======== Available data

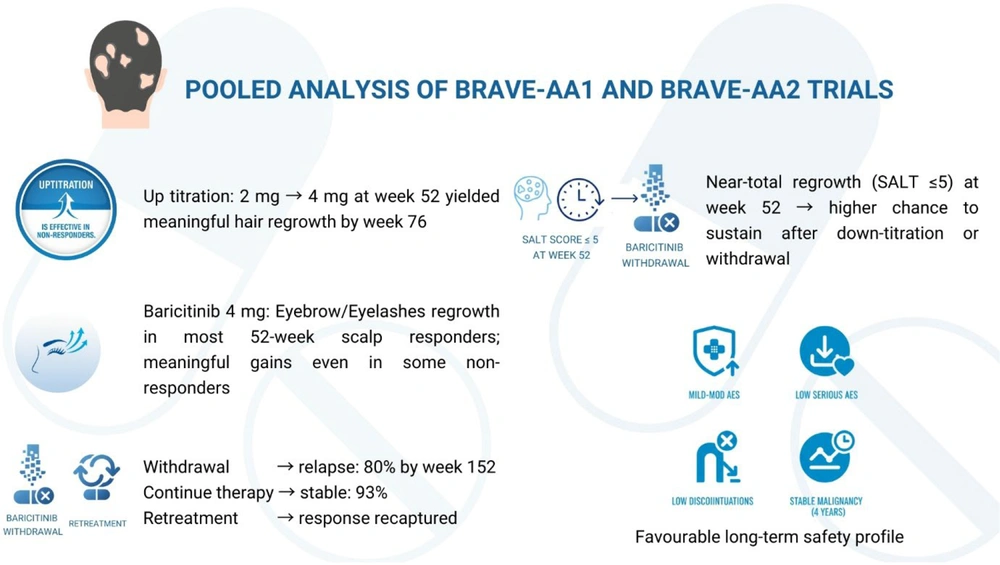 - Up-titration is effective in non-responders: Increasing the baricitinib dose from 2 mg to 4 mg in non-responders at week 52 led to meaningful benefits by week 76, with notable eyebrow and eyelash regrowth (9).
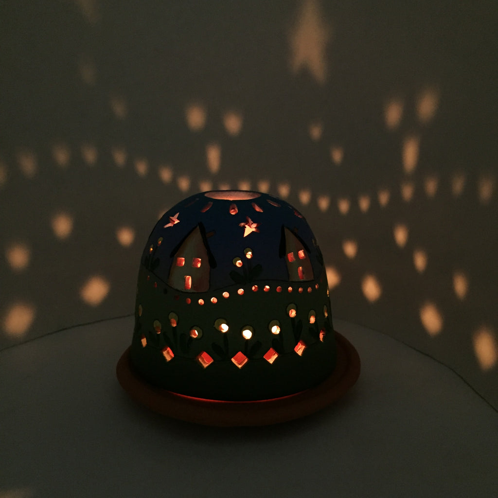 Starrylights are handcrafted ceramic luminaries. Each two piece candle holder is a work of art designed and handmade by the artist, Beth Berggren. A colorful decorative accent by day, the luminaries come alive in the dark. The hole patterns, hand cut into the wet clay as each luminary is created, are not randomly scattered, but are planned and cut to cast enchanting light patterns when the included tealight is lit.
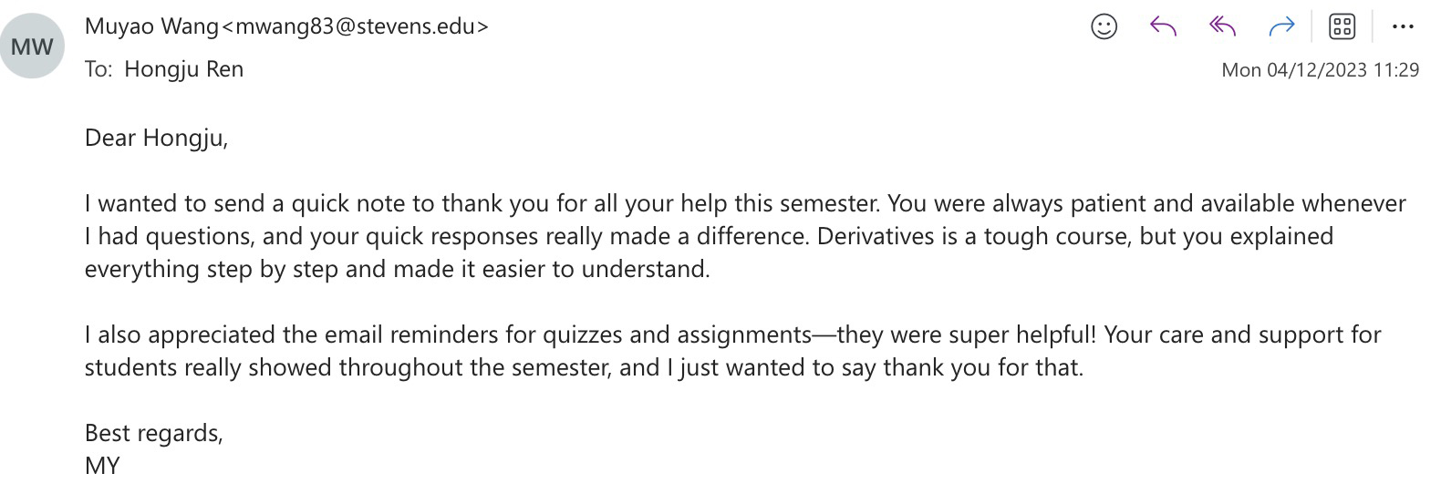 "My teacher always prepares the documents as well as materials needed for the class in advance so that we can know in advance what will be discussed in the next class. Secondly, the teachers are eager to help students with their questions and have a very high quality of teaching."

================

Retype all of the material above precisely as it reads. Pictures are not part of the copy.

 - Up-titration is effective in non-responders: Increasing the baricitinib dose from 2 mg to 4 mg in non-responders at week 52 led to meaningful benefits by week 76, with notable eyebrow and eyelash regrowth (9).
 Starrylights are handcrafted ceramic luminaries. Each two piece candle holder is a work of art designed and handmade by the artist, Beth Berggren. A colorful decorative accent by day, the luminaries come alive in the dark. The hole patterns, hand cut into the wet clay as each luminary is created, are not randomly scattered, but are planned and cut to cast enchanting light patterns when the included tealight is lit.
 "My teacher always prepares the documents as well as materials needed for the class in advance so that we can know in advance what will be discussed in the next class. Secondly, the teachers are eager to help students with their questions and have a very high quality of teaching."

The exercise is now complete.